Principle 9 & 10: How We Make Use of Mind
“We hold that the child’s mind is no mere sac to hold ideas but is rather, if the figure may be allowed, a ‘spiritual organism’ with an appetite for all knowledge. This is its proper diet with which it is prepared to deal and what it is able to digest and assimilate as the body does food-stuffs.
“Such a doctrine as the Herbartian, that the mind is a receptacle, lays the stress of education, the preparation of food in enticing morsels, duly ordered, upon the teacher. Children taught on this principle are in danger of receiving much teaching but little knowledge; the teacher’s axiom being ‘what a child learns matters less than how he learns it.’”
Reference: Volume 6, Chapter 7
Charlotte combines these two principles in one chapter and it’s pretty impressive that she felt so strongly against his approach that she calls out one particular educational guru of her day in her actual principles. So who was this guy?
Johann Friedrich Herbart (1776–1841) is known today mainly as a founding figure of modern psychology and educational theory. Spoiler alert, Charlotte disagreed with a large part of what he had to say about education but if you look at the modern education system, his ideas are sadly much more present than hers. Here’s his Wiki page if you really want to know more about him.
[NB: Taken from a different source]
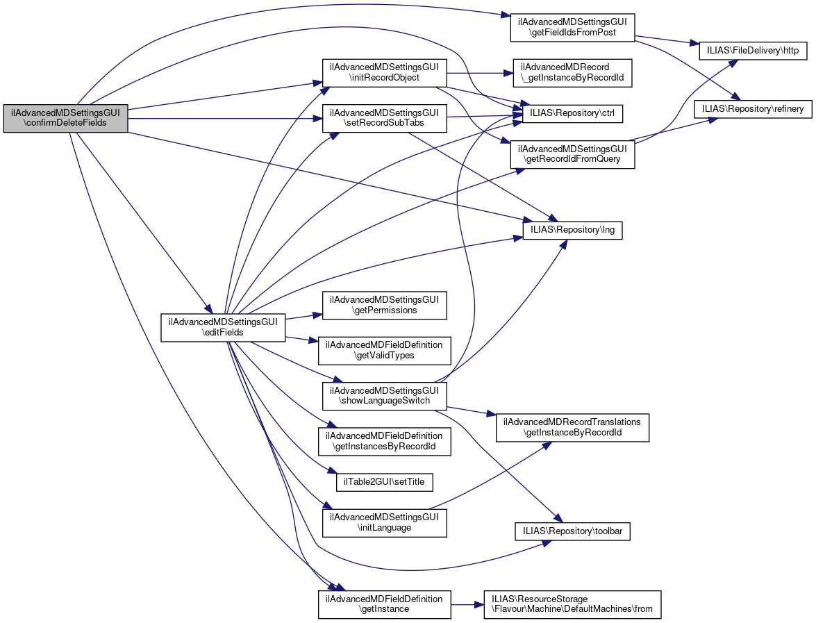 Here is the call graph for this function:| ilAdvancedMDSettingsGUI::confirmDeleteFields | ( | ) |

But on with the principles.
Right out the gate we can see where the division lies: “Herbart’s psychology is extraordinarily gratifying and attractive to teachers who are, like other people, eager to magnify their office; and here is a scheme which shows how every child is a new creation as he comes forth from the hands of his teacher.” Charlotte has already built the argument that “children are born persons” and says that “we are limited to three educational instruments— the atmosphere of environment, the discipline of habit, and the presentation of living ideas.” The emphasis for learning should not be on the teacher, but the student, and Herbart’s recommendations are the complete opposite.